What is being asked
Where a record contains a picture, omit the picture and repeat the rest exactly.

[Entries taken from a collection]

++++++++++++++++++++

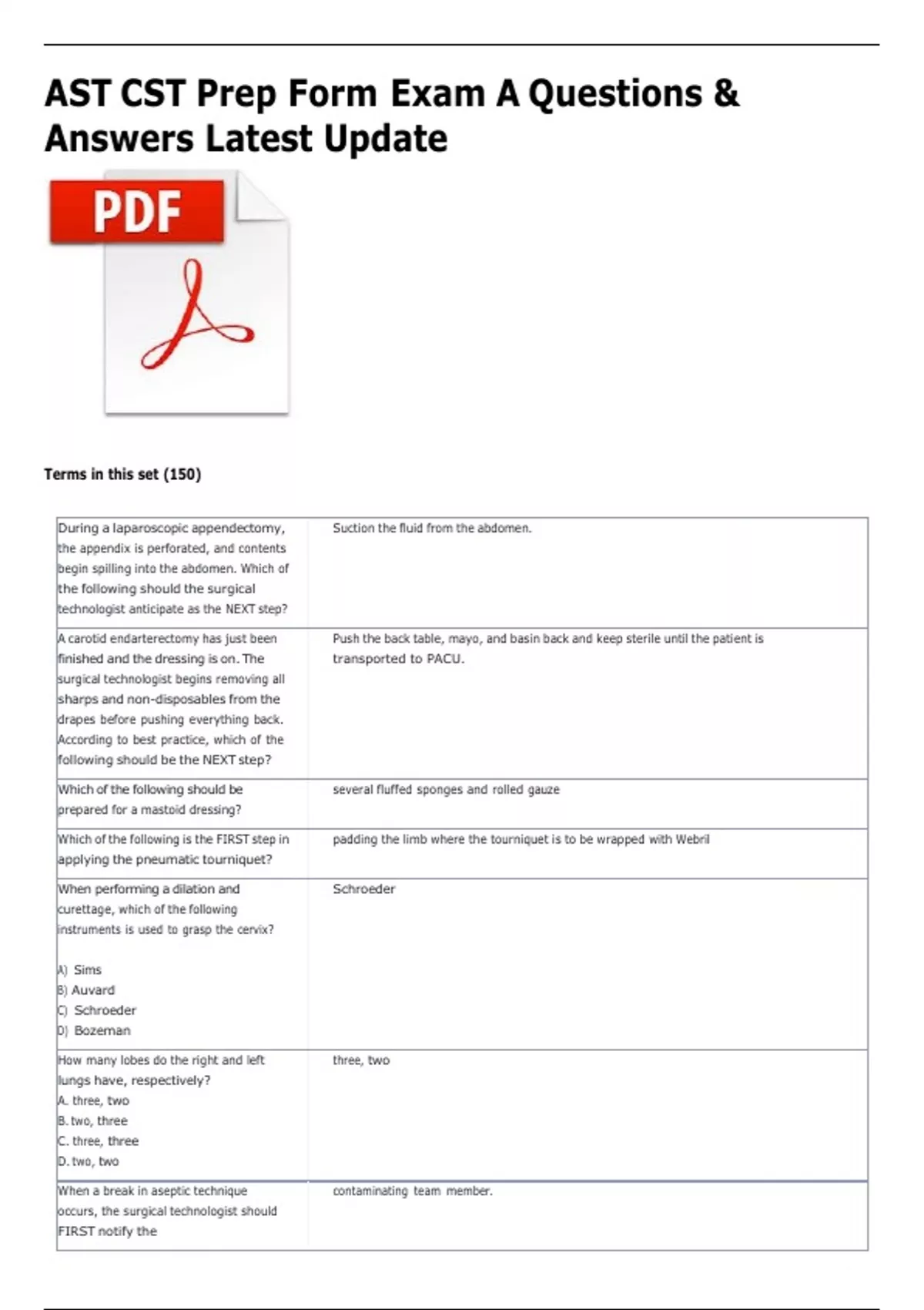 AST CST Prep Form Exam A Questions & Answers Latest Update
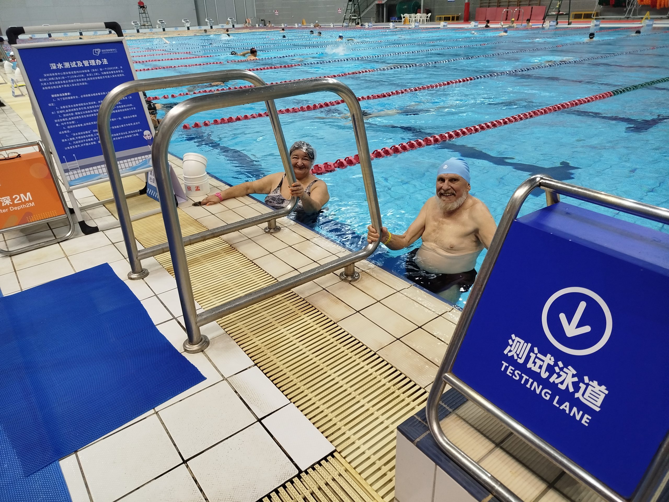 Eckardt hatte sich für diesen Tag mit seinem Freund Wolf aus Shenzen zum Schwimmen verabredet und fragte uns, ob wir auch Lust hätten mit ins Hallenbad zu gehen. Wir hatten Lust, ich hatte sogar eine Badehose in unserem spärlichen Gepäck (Handgepäck pro Person 5 Kg im Flugzeug).
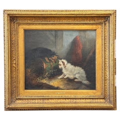 Peinture à l'huile ancienne sur toile représentant un chien bull français et un chien terrier. La peinture est vraiment frappante et raffinée. Signé à droite en dessous par l'artiste...
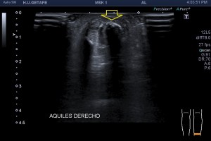 El paciente nos comenta que había sido futbolista, que había padecido lesiones en la región que estábamos estudiando. Me sirvió de mucha ayuda su comentario, porque estaba viendo que ademas de los hallazgos comentados el aquiles estaba muy engrosado , típico de tendinopatía, pero es esa misma localización, las fibras más superficiales del tendón estaban retraídas y mostraban un pequeño muñón que estaba en relación con una lesión antigua puesto que no tenía dolor agudo ni líquido.
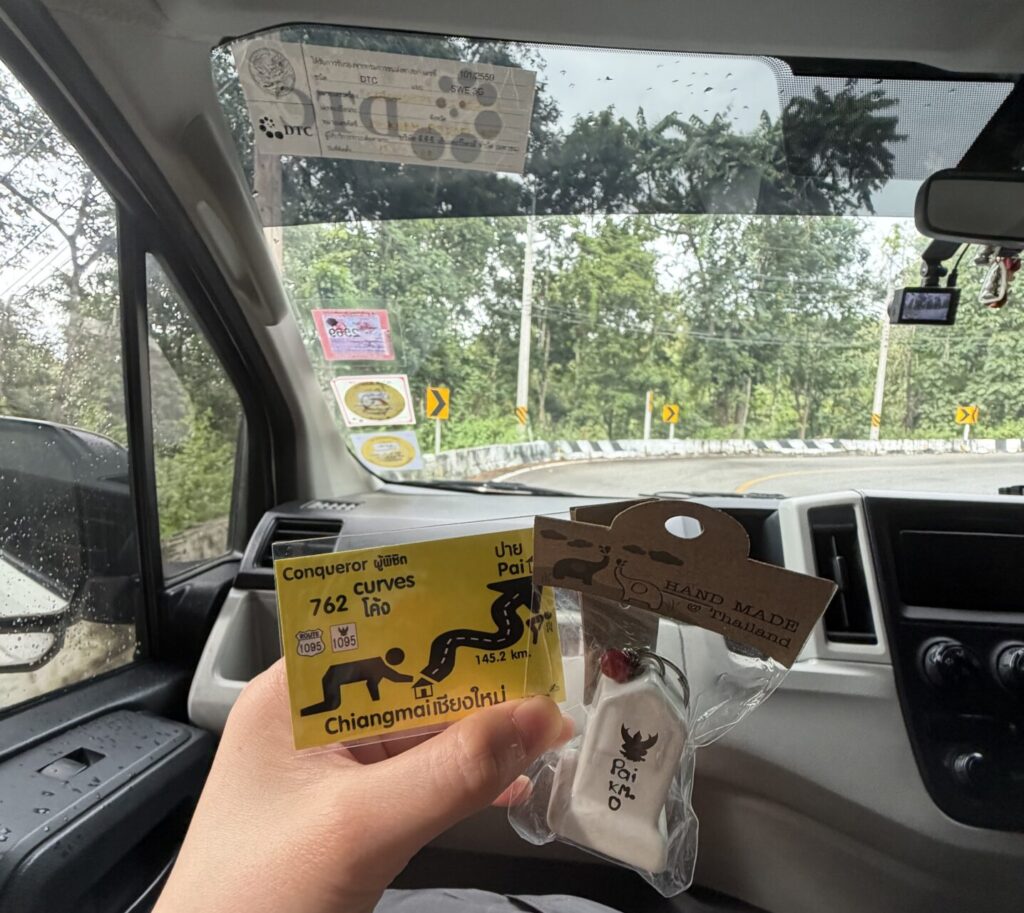 今回、チェンマイからパーイ行きは、762個カーブの山道で、別名「ゲロの道」と呼ばれるほど車酔いをしやすいことで有名な険しい道らしい。
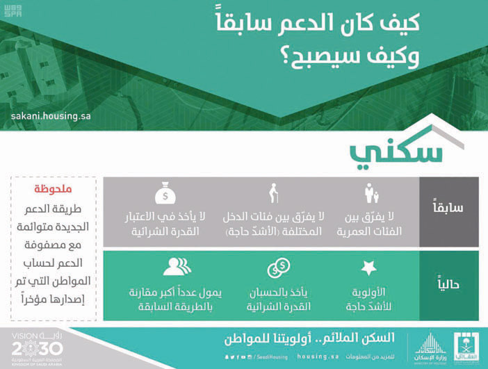 أعلنت وزارة الإسكان عن إطلاق أولى دفعات برنامج «سكني» الذي يتضمّن 280 ألف منتج سكني وتمويلي للتخصيص والتسليم في جميع المناطق، موضحة أن المنتجات تشمل120 ألف وحدة سكنية بالشراكة مع القطاع الخاص متنوعة المساحات بحسب معايير الدخل وعدد أفراد الأسرة، على أن يتم تخصيصها خلال العام الجاري ابتداء من الشهر المقبل، وتسليمها خلال مدة أقصاها 3 أعوام، وكذلك 75 ألف أرض سكنية جاهزة للبناء، إضافة إلى 85 ألف دعم تمويلي مدعوم التكاليف من الدولة، وذلك بالشراكة بين صندوق التنمية العقارية والبنوك والمؤسسات التمويلية.
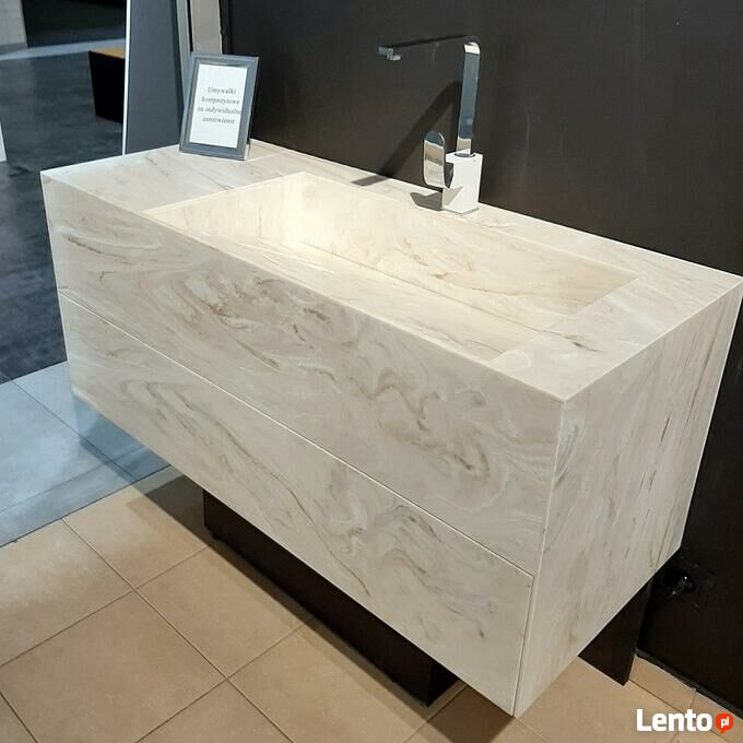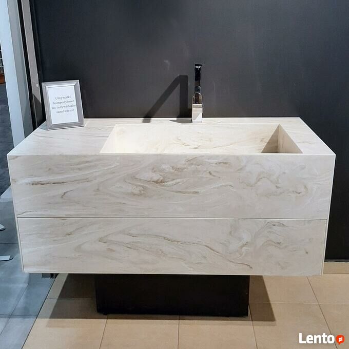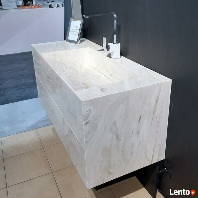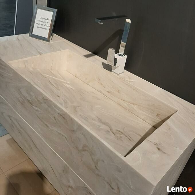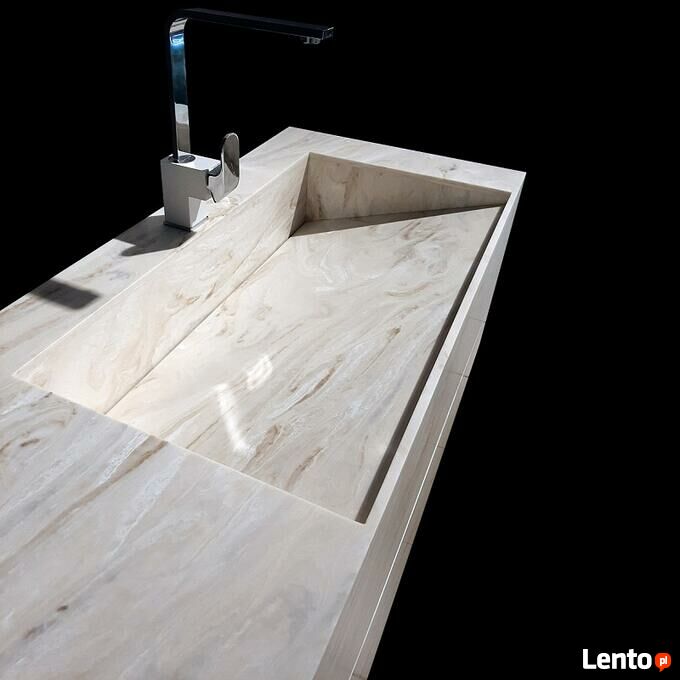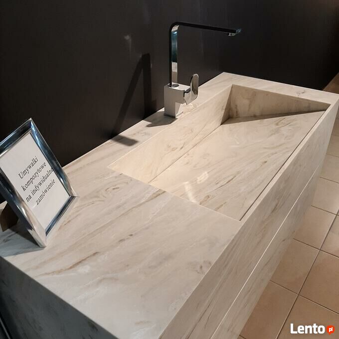 Istnieje możliwość wykonania umywalki (jak również blatu, mebla itp.) w dowolnym wymiarze, kolorze i kształcie.

++++++++++++++++++++

Response to this task
 AST CST Prep Form Exam A Questions & Answers Latest Update
 Eckardt hatte sich für diesen Tag mit seinem Freund Wolf aus Shenzen zum Schwimmen verabredet und fragte uns, ob wir auch Lust hätten mit ins Hallenbad zu gehen. Wir hatten Lust, ich hatte sogar eine Badehose in unserem spärlichen Gepäck (Handgepäck pro Person 5 Kg im Flugzeug).
 Peinture à l'huile ancienne sur toile représentant un chien bull français et un chien terrier. La peinture est vraiment frappante et raffinée. Signé à droite en dessous par l'artiste...
 El paciente nos comenta que había sido futbolista, que había padecido lesiones en la región que estábamos estudiando. Me sirvió de mucha ayuda su comentario, porque estaba viendo que ademas de los hallazgos comentados el aquiles estaba muy engrosado , típico de tendinopatía, pero es esa misma localización, las fibras más superficiales del tendón estaban retraídas y mostraban un pequeño muñón que estaba en relación con una lesión antigua puesto que no tenía dolor agudo ni líquido.
 今回、チェンマイからパーイ行きは、762個カーブの山道で、別名「ゲロの道」と呼ばれるほど車酔いをしやすいことで有名な険しい道らしい。
 أعلنت وزارة الإسكان عن إطلاق أولى دفعات برنامج «سكني» الذي يتضمّن 280 ألف منتج سكني وتمويلي للتخصيص والتسليم في جميع المناطق، موضحة أن المنتجات تشمل120 ألف وحدة سكنية بالشراكة مع القطاع الخاص متنوعة المساحات بحسب معايير الدخل وعدد أفراد الأسرة، على أن يتم تخصيصها خلال العام الجاري ابتداء من الشهر المقبل، وتسليمها خلال مدة أقصاها 3 أعوام، وكذلك 75 ألف أرض سكنية جاهزة للبناء، إضافة إلى 85 ألف دعم تمويلي مدعوم التكاليف من الدولة، وذلك بالشراكة بين صندوق التنمية العقارية والبنوك والمؤسسات التمويلية.
 Istnieje możliwość wykonania umywalki (jak również blatu, mebla itp.) w dowolnym wymiarze, kolorze i kształcie.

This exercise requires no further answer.